2. Ben scored 84 on a test with a mean of 80 and a standard deviation of 8. 

Assuming the scores for both tests are characterized by a normal distribution, which student performed better relative to their group?

Alice: z = (78-70) / 4 = 2 

Ben: z = (84-80) / 8 = 0.5

Alice scored 2 standard deviations above the mean while Ben only scored 0.5 standard deviations above the mean. Alice performed better.
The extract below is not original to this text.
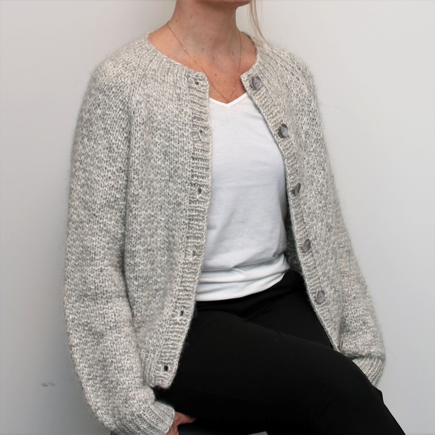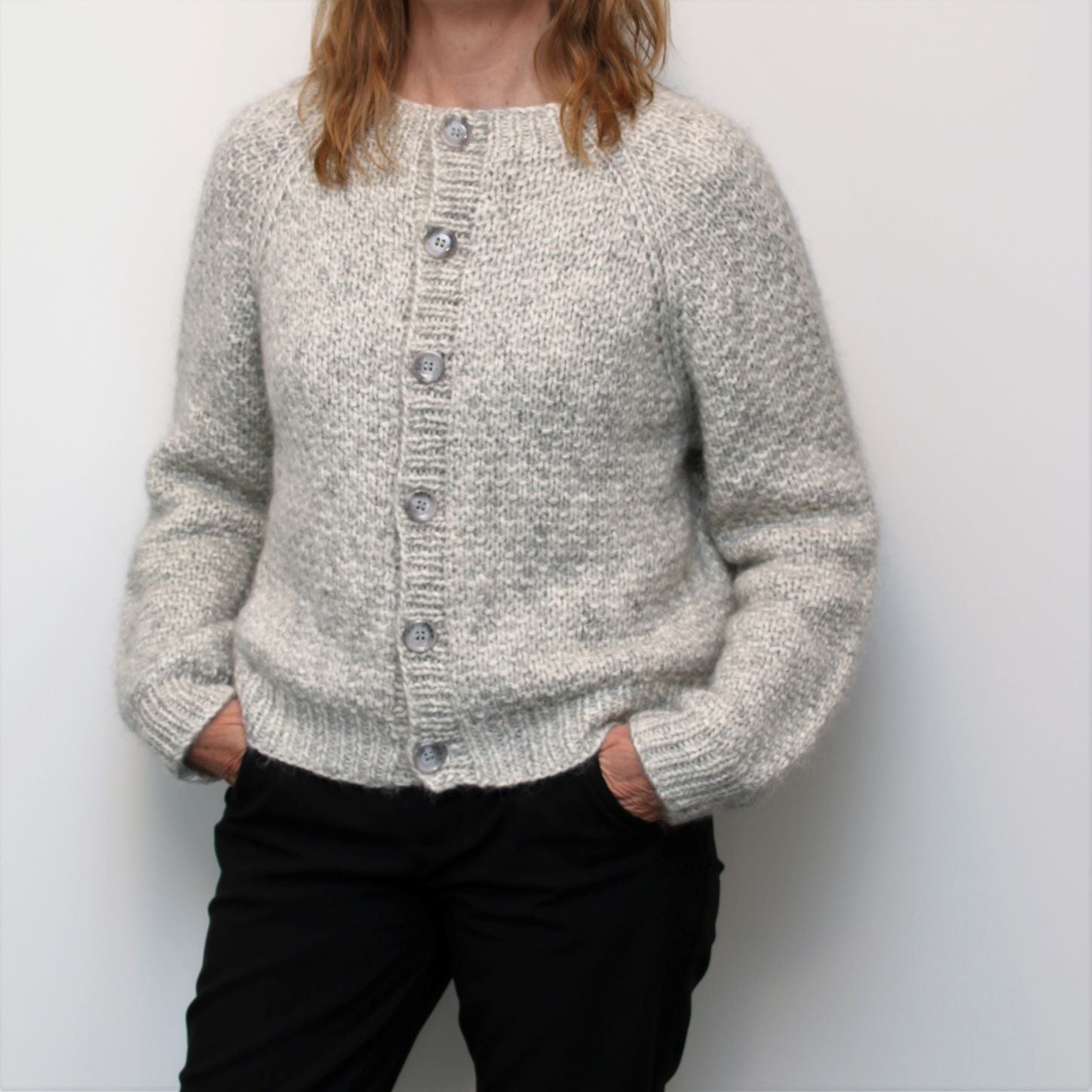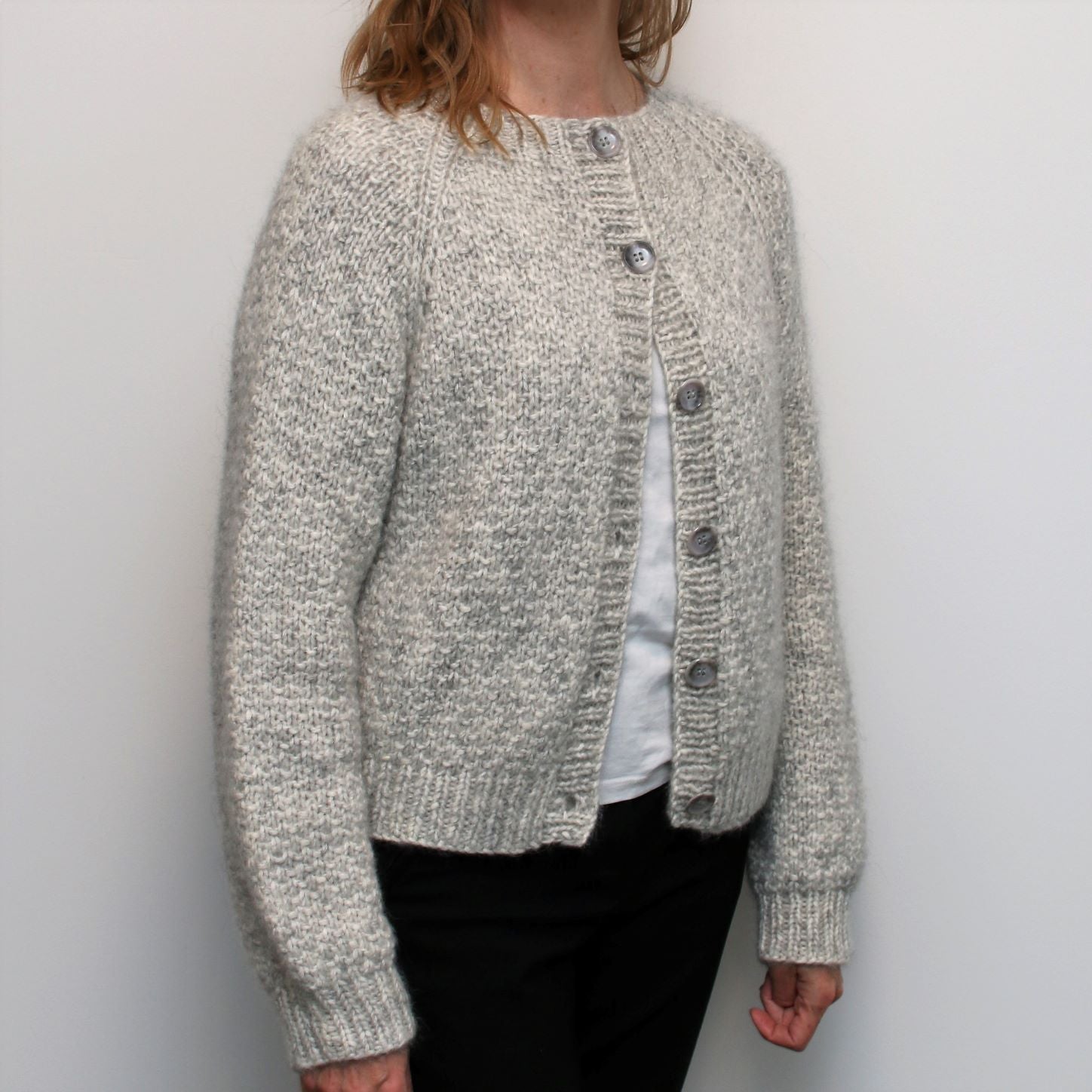 The Sand cardigan is a classical raglan model featuring a simple structural pattern which is fun and easy to knit. The texture of the knit, combined with the characteristics of the two yarns held together; tweed silk mohair and the chunky, yet soft blown yarn, results in a truly luxurious garment.

*Note...this is a univariate question.

500

Let's say you take a sample (s) of 10 students (n) and record their grade on the most recent assignment. Suppose 3 students received As, 2 students received Bs, and 5 students received Cs.

*Note that x = Qual-0

Create an appropriate visualization for dist(X:s)

X = grade

Y = frequency (or relative frequency)

Frequency (or relative frequency) bar chart w/ three bars indicating each grade

500

X:s = {7, 12, 4, 18, 15, 21, 10}

Report the 5 number summary.

Min = 4

Q1 = x(0.25*7+0.75) = x(2.5) = x(2) + 0.5(x(3)-x(2)) = 7 +0.5(10-7) = 8.5

Median = 12

Q3 =  x(0.75*7+0.25) = x(5.5) = x(5) + 0.5(x(6)-x(5)) = 15 +0.5(18-15) = 16.5

Max = 21

n = 7

500

A company collects data on 15 of its employees' commute times. The company found that there are only 4 employees who spend less than 22 minutes commuting to work. Alternatively, the company found that 12 employees spend less than 42 minutes commuting to work.

What is the difference in percentile rank between the 22-minute and 42-minutes commute times?

n = 15

L22 = 4... percentile rank = 4 / (15 -1) = 28.57%

L42 = 12... percentile rank = 12 / (15 - 1) = 85.71%

85.71% - 28.57% = 57.14%

*Note...this is a univarite question.